Si chiamavano Manulè e O Giappone. Emanuele, detto Manulè, era il primo dei tre fratelli Cocu superstiti: rapinatori, spacciatori, fegatosi e violenti, gran senso della famiglia, decine di cugini, nipoti, cognati che vivevano tutti nel raggio di trecento metri, al loro quartier generale, i palazzoni che confondono Lorenteggio con i satelliti della periferia sud. I due fratelli gemelli più piccoli, Toto e Rocchino, era morti ammazzati, negli anni passati, in storie diverse, che la famiglia non raccontava più, nemmeno quando andavano tutti insieme a cambiare i cilestrini e rosei fiori di plastica nei cimiteri, una volta l'anno. Manulè era quello con più testa e, a dimostrazione, non aveva mai accettato di mostrarsi come il capo incontrastato: "Siamo una democrazia, ognuno se vuole, può dire la sua, ma non perdiamo tempo", era la sua frase di rito, nelle riunioni di famiglia.

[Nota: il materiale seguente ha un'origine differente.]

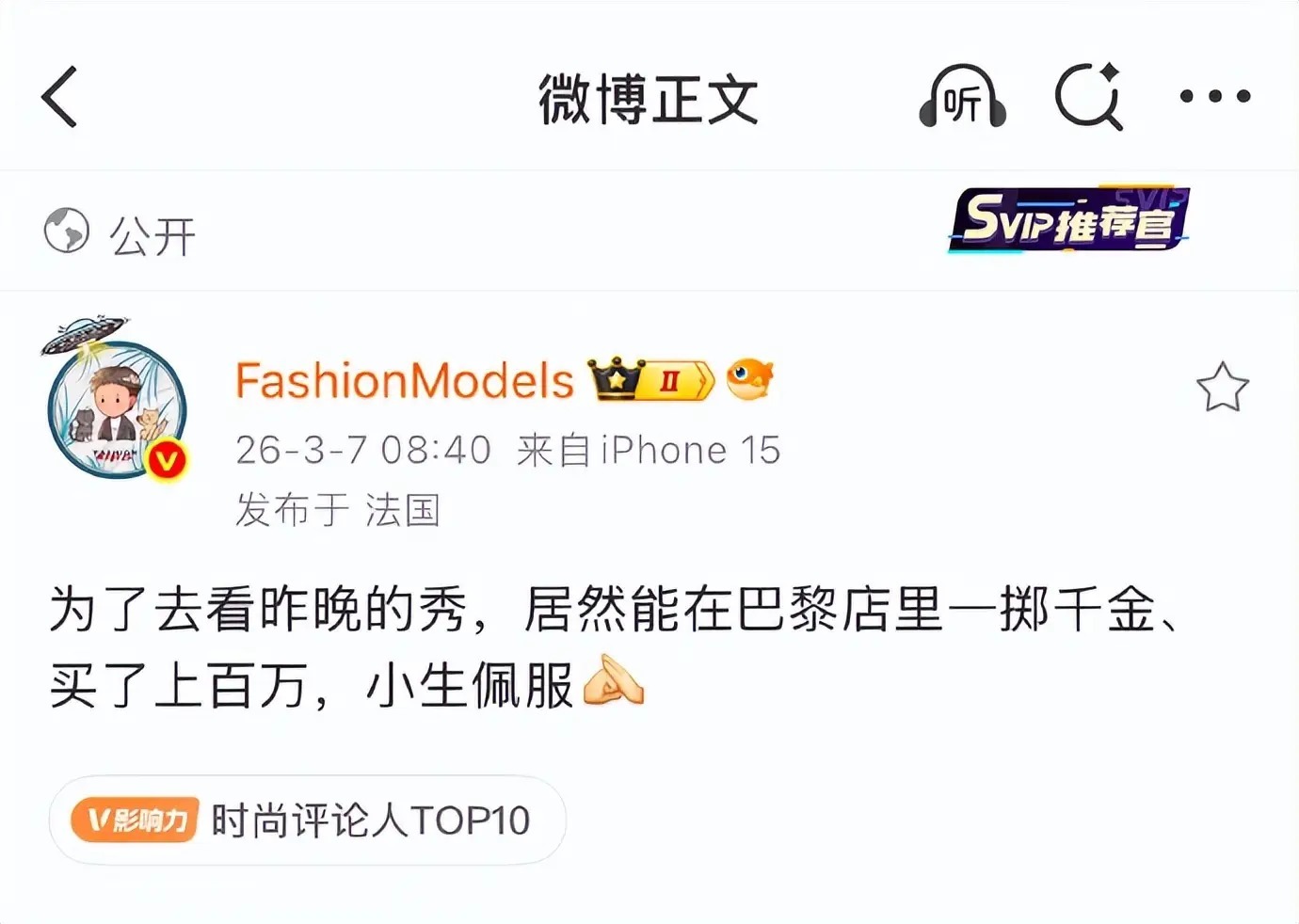 这波操作,彻底把网友分成了两大阵营。一方严厉批评其前期将“自费看秀”包装成“官方邀请”,涉嫌虚假宣传、抬高身份,破坏了行业规则。另一方则认为,在时尚圈“消费换资源”本就是心照不宣的规则之一,她“凭自己的实力花钱”争取机会,光明正大,无可厚非。更有观点指出,比起某些资源咖,她至少把“野心”和“投入”明明白白摆在了台面上。
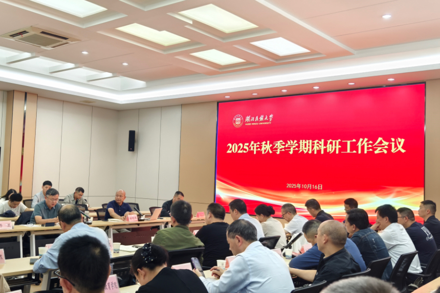 10月16日下午,湖北民族大学2025年秋季学期科研工作会议在行政楼2号会议室召开。学校党委常委、副校长刘志军出席会议并讲话。会议现场刘志军对学校今年以来在科研领域取得的业绩给予了高度肯定,并向默默耕耘在教学科研一线的全体教师致以衷心的感谢。他指出,科研工作是驱动学校内涵发展的“核心引擎”,是提升办学核心竞争力与社会影响力的“战略支点”,面对新时期“建设高水平应用型大学”与“实现博士学位授予单位重大突破...

Nessuno fiatava, lui decideva per tutti e aveva investito i soldi in una pizzeria e in una palestra di karatè: insegnava lui in persona a pestare amaramente, come testimoniavano i calli anche sulle palme delle mani, sotto le dita. Proprio tre giorni prima una zingara dalla faccia scura gli aveva fatto tante moine da riuscire ad afferrargli la mano, l'aveva tenuta per una decina di secondi, era impallidita, poi gli aveva detto: "Non posso leggerla, non hai i segni". E lui s'era beato per le sue mani da duro.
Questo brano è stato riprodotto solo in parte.